[What you need to do]: Among the lines of the listing below, retype exactly those from the one containing "Beautiful 0.96 Cts" through the one containing "Tradition hat der", both included. Do not include pictures.

[Provided records]:

-----

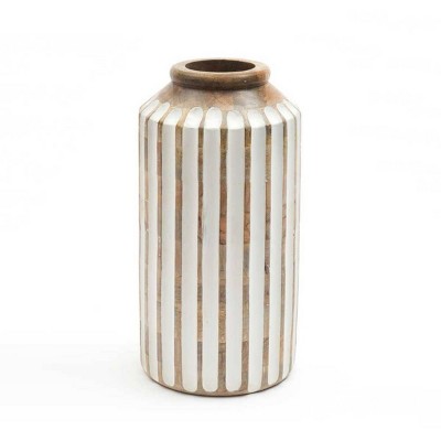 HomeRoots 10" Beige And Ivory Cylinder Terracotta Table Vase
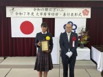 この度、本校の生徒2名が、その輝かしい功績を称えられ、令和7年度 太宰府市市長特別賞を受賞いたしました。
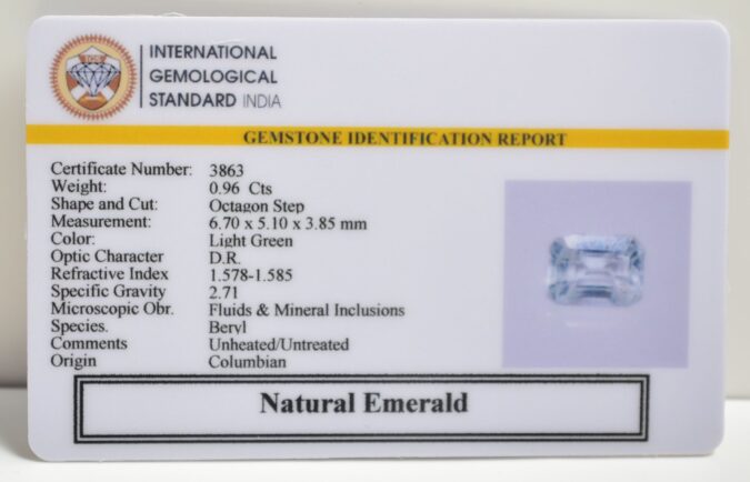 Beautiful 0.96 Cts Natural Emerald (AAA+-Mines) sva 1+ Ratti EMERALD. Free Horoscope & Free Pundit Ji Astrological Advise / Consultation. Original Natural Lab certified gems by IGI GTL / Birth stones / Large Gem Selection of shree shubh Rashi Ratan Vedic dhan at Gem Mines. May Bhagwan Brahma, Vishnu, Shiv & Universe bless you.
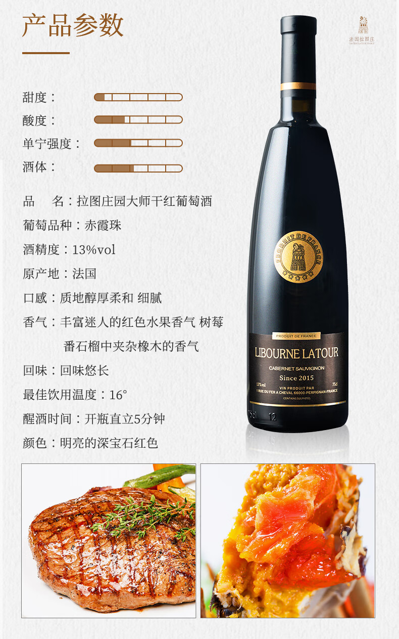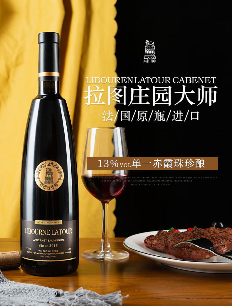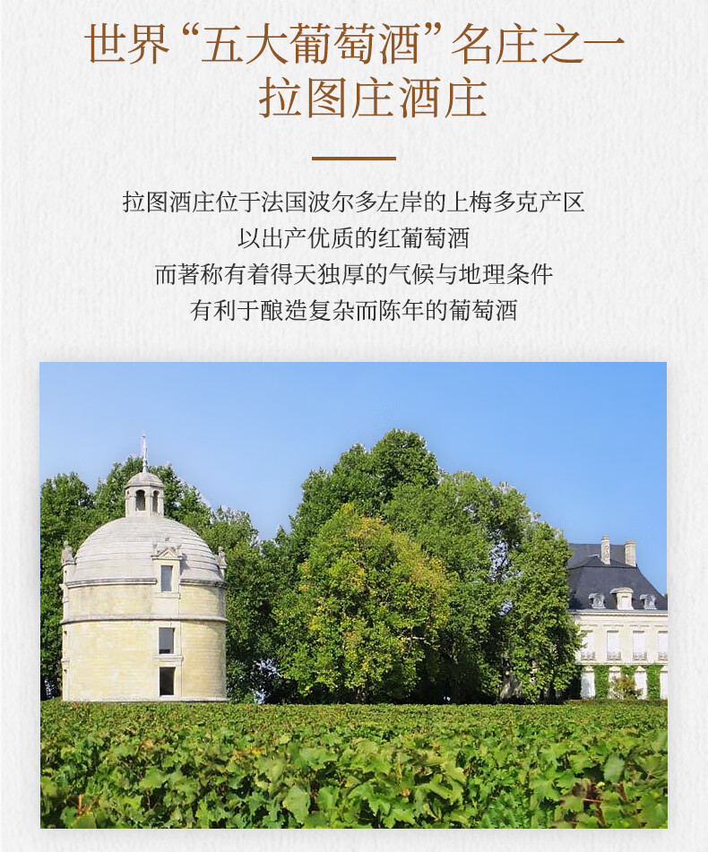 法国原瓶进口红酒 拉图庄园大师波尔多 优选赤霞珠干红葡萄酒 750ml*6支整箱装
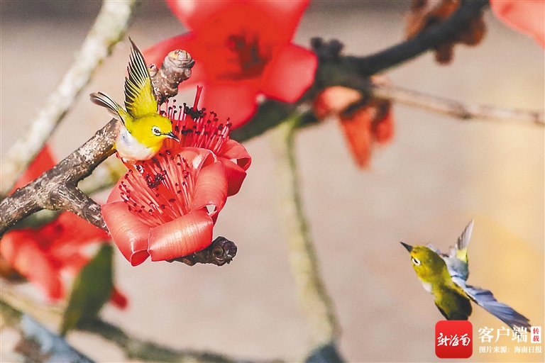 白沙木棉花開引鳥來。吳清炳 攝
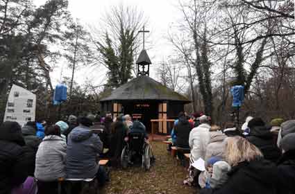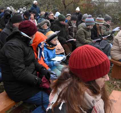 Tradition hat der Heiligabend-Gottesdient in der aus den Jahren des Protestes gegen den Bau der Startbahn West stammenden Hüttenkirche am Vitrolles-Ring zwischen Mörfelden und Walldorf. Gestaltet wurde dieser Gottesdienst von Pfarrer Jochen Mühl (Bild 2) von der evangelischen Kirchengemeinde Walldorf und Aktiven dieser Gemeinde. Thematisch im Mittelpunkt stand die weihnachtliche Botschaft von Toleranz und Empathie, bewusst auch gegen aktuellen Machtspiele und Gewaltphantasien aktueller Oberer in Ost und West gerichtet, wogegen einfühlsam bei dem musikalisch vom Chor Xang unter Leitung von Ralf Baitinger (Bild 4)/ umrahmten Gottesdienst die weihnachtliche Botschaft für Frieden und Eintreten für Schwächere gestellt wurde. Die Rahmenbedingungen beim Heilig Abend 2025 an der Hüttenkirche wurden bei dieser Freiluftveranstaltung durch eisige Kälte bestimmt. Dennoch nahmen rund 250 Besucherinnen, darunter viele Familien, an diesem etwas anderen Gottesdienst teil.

-----

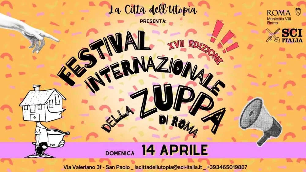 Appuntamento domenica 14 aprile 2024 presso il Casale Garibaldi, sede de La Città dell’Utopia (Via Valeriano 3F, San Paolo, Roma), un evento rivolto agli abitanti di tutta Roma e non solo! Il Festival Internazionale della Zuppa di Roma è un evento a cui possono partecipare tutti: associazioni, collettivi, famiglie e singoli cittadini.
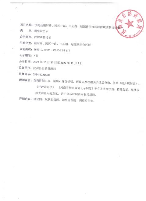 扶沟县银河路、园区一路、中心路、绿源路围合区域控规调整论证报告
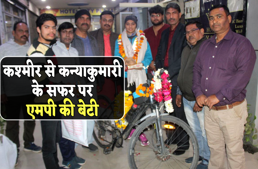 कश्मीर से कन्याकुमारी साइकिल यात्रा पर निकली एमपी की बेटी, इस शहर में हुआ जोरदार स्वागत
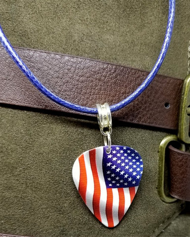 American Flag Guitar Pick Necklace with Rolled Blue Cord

-----

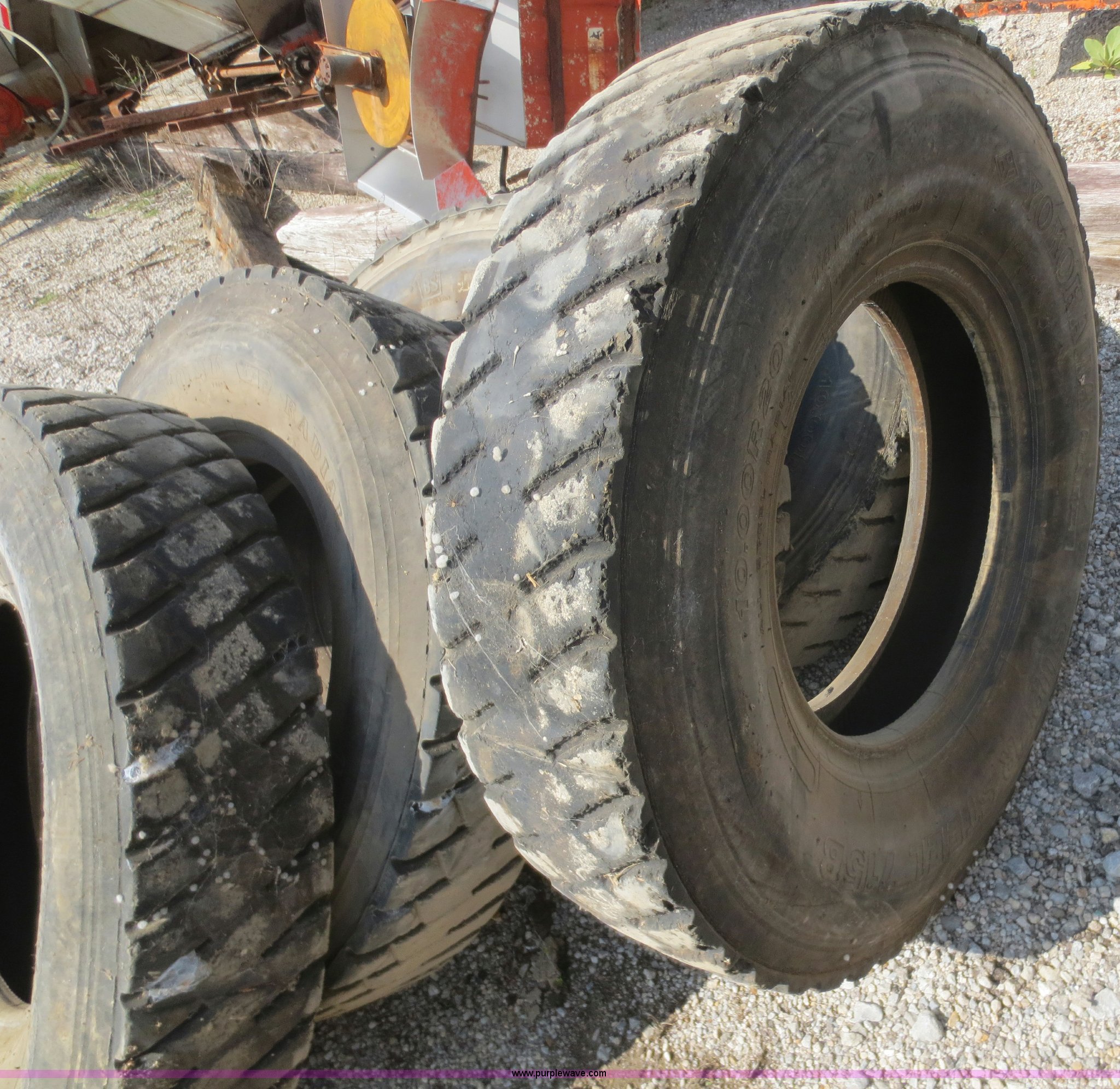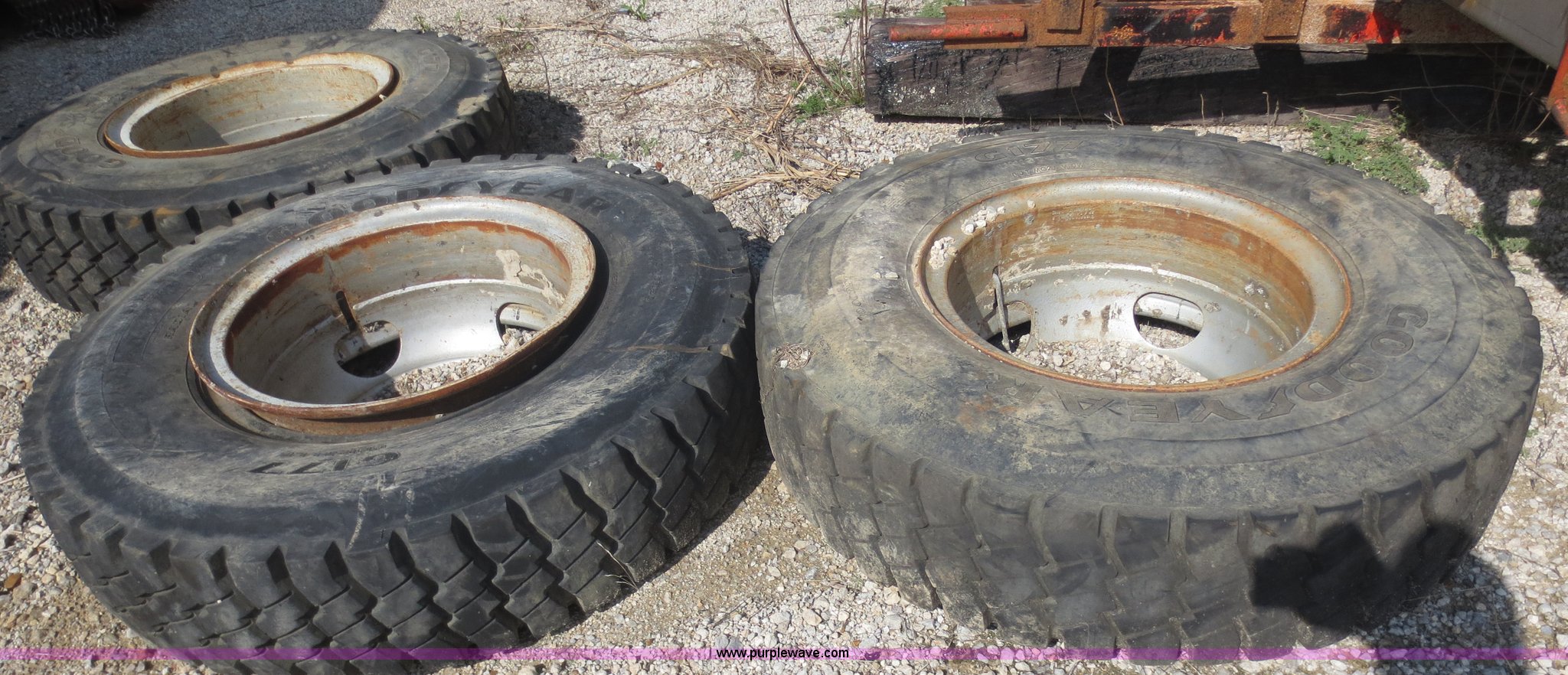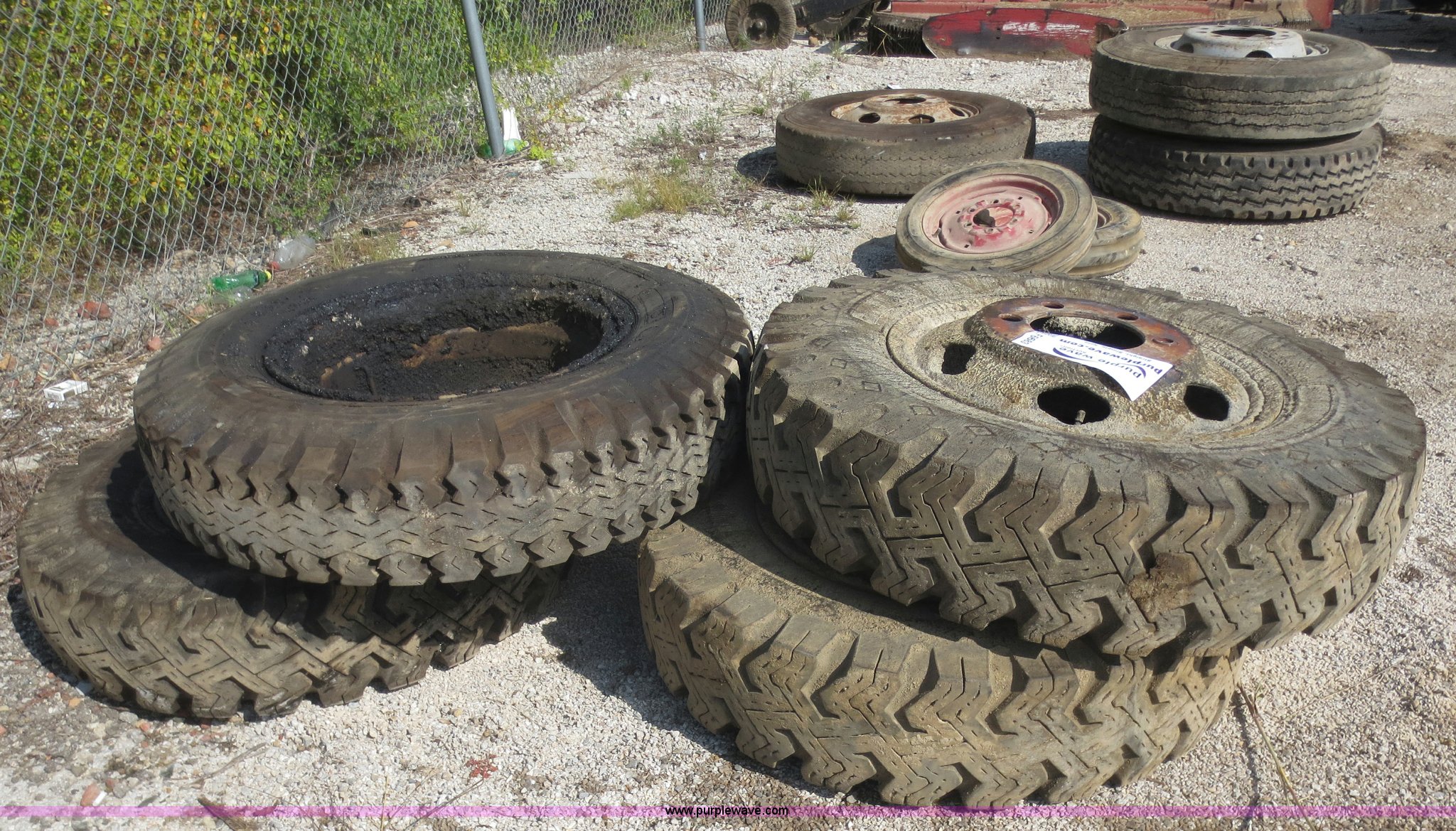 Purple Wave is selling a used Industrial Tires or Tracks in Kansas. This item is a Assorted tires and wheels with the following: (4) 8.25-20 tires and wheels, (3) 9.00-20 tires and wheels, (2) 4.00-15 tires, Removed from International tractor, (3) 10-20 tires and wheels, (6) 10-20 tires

-----

[Response box]:
 Beautiful 0.96 Cts Natural Emerald (AAA+-Mines) sva 1+ Ratti EMERALD. Free Horoscope & Free Pundit Ji Astrological Advise / Consultation. Original Natural Lab certified gems by IGI GTL / Birth stones / Large Gem Selection of shree shubh Rashi Ratan Vedic dhan at Gem Mines. May Bhagwan Brahma, Vishnu, Shiv & Universe bless you.
 法国原瓶进口红酒 拉图庄园大师波尔多 优选赤霞珠干红葡萄酒 750ml*6支整箱装
 白沙木棉花開引鳥來。吳清炳 攝
 Tradition hat der Heiligabend-Gottesdient in der aus den Jahren des Protestes gegen den Bau der Startbahn West stammenden Hüttenkirche am Vitrolles-Ring zwischen Mörfelden und Walldorf. Gestaltet wurde dieser Gottesdienst von Pfarrer Jochen Mühl (Bild 2) von der evangelischen Kirchengemeinde Walldorf und Aktiven dieser Gemeinde. Thematisch im Mittelpunkt stand die weihnachtliche Botschaft von Toleranz und Empathie, bewusst auch gegen aktuellen Machtspiele und Gewaltphantasien aktueller Oberer in Ost und West gerichtet, wogegen einfühlsam bei dem musikalisch vom Chor Xang unter Leitung von Ralf Baitinger (Bild 4)/ umrahmten Gottesdienst die weihnachtliche Botschaft für Frieden und Eintreten für Schwächere gestellt wurde. Die Rahmenbedingungen beim Heilig Abend 2025 an der Hüttenkirche wurden bei dieser Freiluftveranstaltung durch eisige Kälte bestimmt. Dennoch nahmen rund 250 Besucherinnen, darunter viele Familien, an diesem etwas anderen Gottesdienst teil.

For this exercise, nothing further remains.